▸ EXERCISE PROMPT
Copy exactly, no pictures: every line from the one that contains "Denne nu til" through the end of the entries below.

▸ INFORMATION SUPPLIED
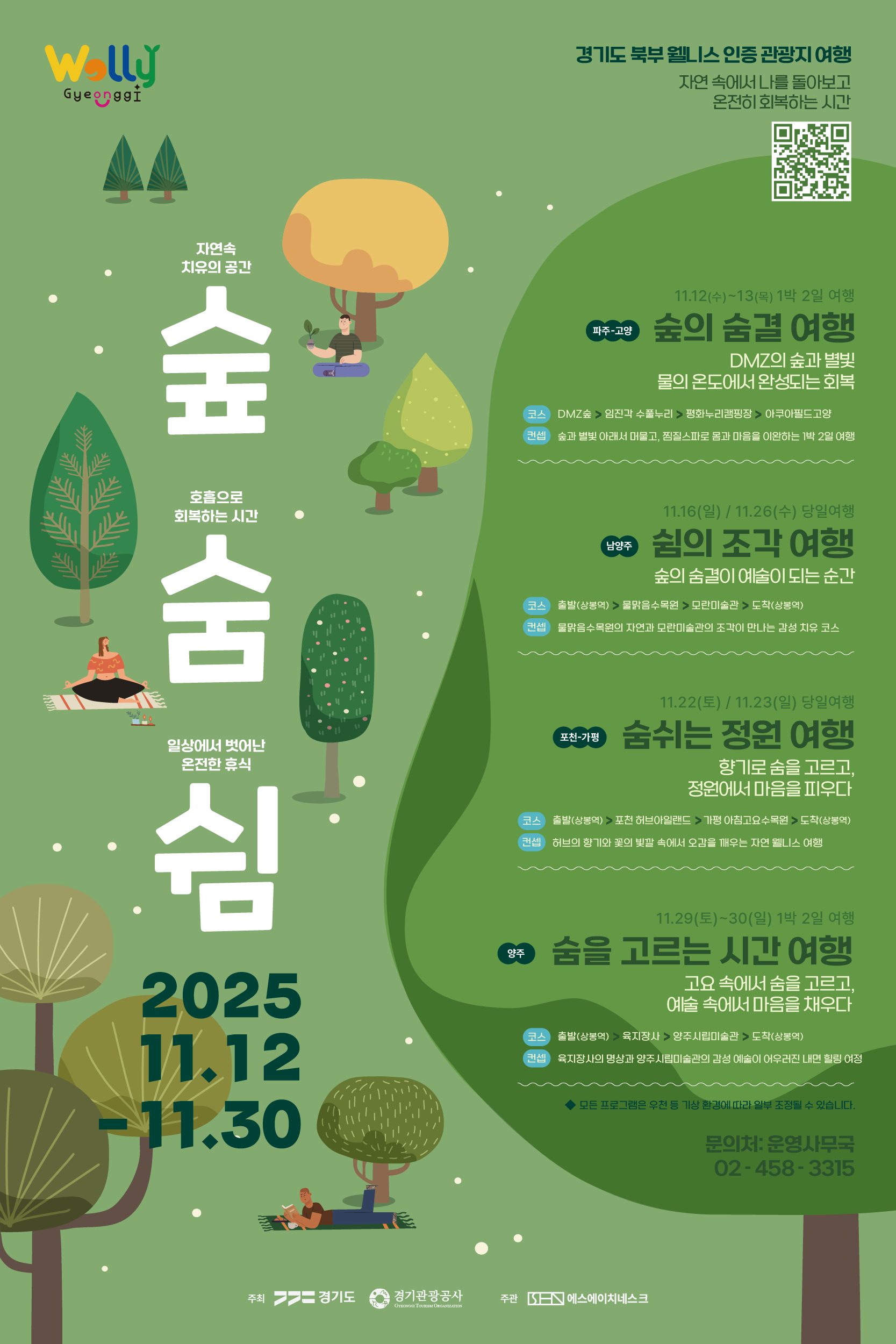 ‘경기도 북부 웰니스 인증 관광지 여행 – 숲(林), 숨(息), 쉼(休)’이 여러분을 초대합니다.
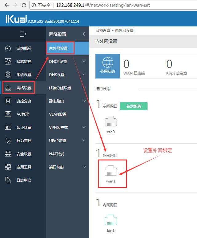 打开浏览器输入:192.168.249.1 回车登录,设置wan1外网绑定
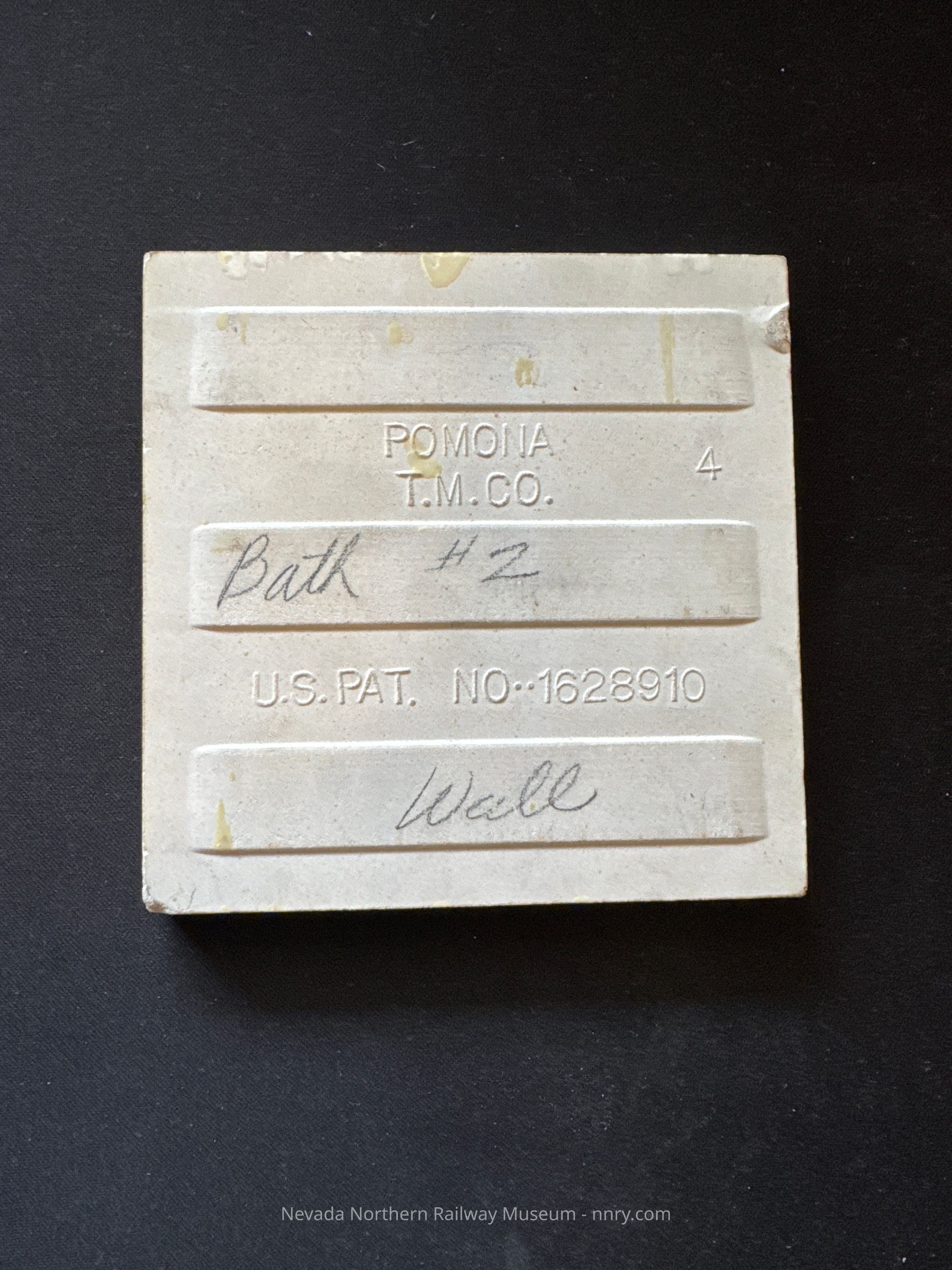 White tile sample for "Bath #2 Wall." From temporary box T-87.Made/Created
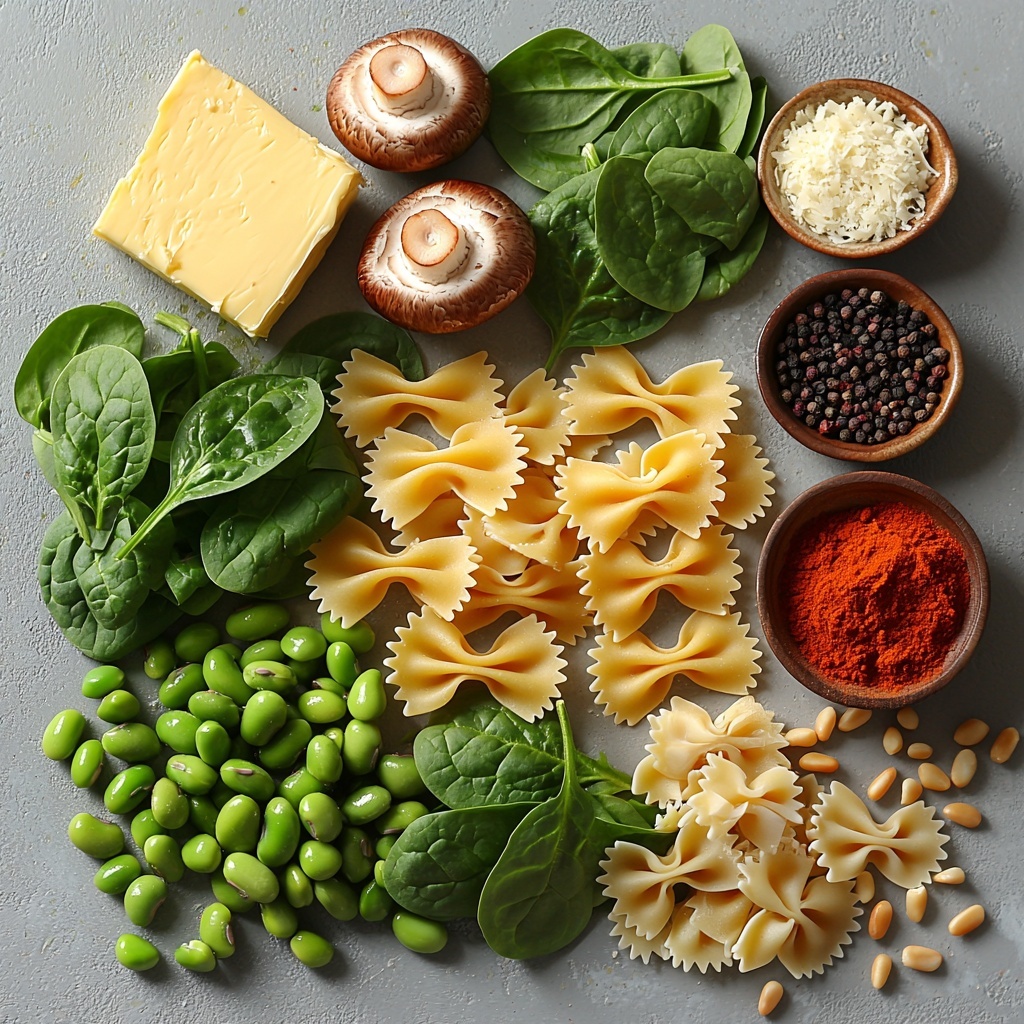 These ingredients come together so effortlessly, each one bringing something special to your salad bowl. From the chewy farfalle pasta’s delightful texture to the fresh pop of spinach and the earthiness of mushrooms, every item here plays a crucial role in creating that perfect balance of flavors and colors.
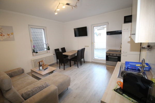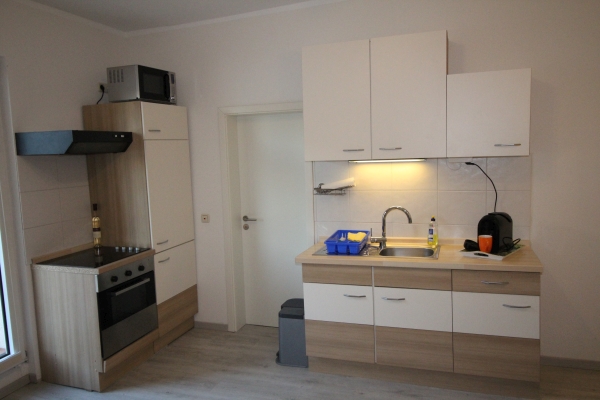 Der Wohnbereich ist mit einer komfortablen Couch, Couchtisch sowie Flachbild-TV mit SAT-Empfang sowie Esstisch eingerichtet. Die Küche verfügt vom Wasserkocher, über die Mikrowelle, Herd mit Backofen bis hin zur Tchibo-Kapsel-Kaffeemaschine, Filterkaffeemaschine, Toaster, Gläser, Geschirr, Besteck, Töpfe, Pfanne, etc.
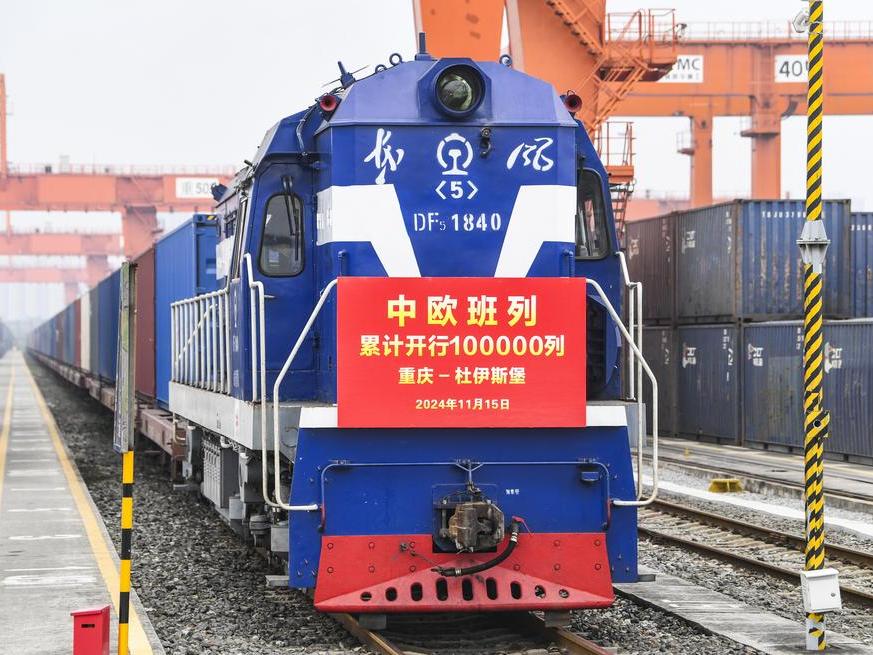 The 100,000th China-Europe freight train departed from southwest China's Chongqing on Friday morning, a significant milestone in the development of the service that facilitates economic and trade exchanges between China and Europe. #GLOBALink
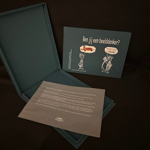 Denne nu til vejside afslørede, vidunderlige tryk er en høj kvalitet prøveudskrift til en publikation i 1970'erne. Sandsynligvis til bagsiden af den berømte Witte Bezige Bij pocketbøger. Prøveudskriften/trykket er blevet redigeret med hvid dækværf (retoucheringsmaling) på nogle steder, med sort tilføjet og fremhævet. Format på trykket; 9 x 11
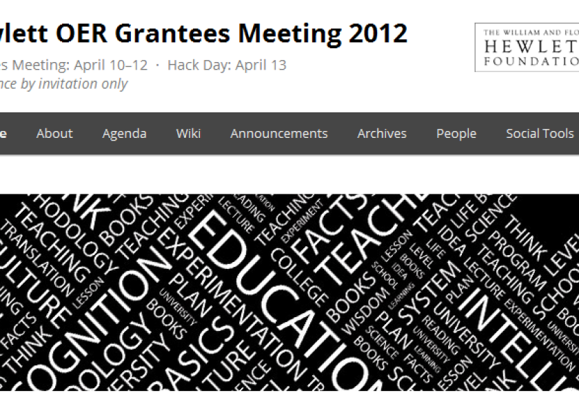 I'm spending this week at the annual Hewlett Open Educational Resources Grantee Meeting, where a group of developers, educators, and researchers are gathering to discuss the advancement of Open Educational Resources or OER.

▸ ANSWER BOX
 Denne nu til vejside afslørede, vidunderlige tryk er en høj kvalitet prøveudskrift til en publikation i 1970'erne. Sandsynligvis til bagsiden af den berømte Witte Bezige Bij pocketbøger. Prøveudskriften/trykket er blevet redigeret med hvid dækværf (retoucheringsmaling) på nogle steder, med sort tilføjet og fremhævet. Format på trykket; 9 x 11
 I'm spending this week at the annual Hewlett Open Educational Resources Grantee Meeting, where a group of developers, educators, and researchers are gathering to discuss the advancement of Open Educational Resources or OER.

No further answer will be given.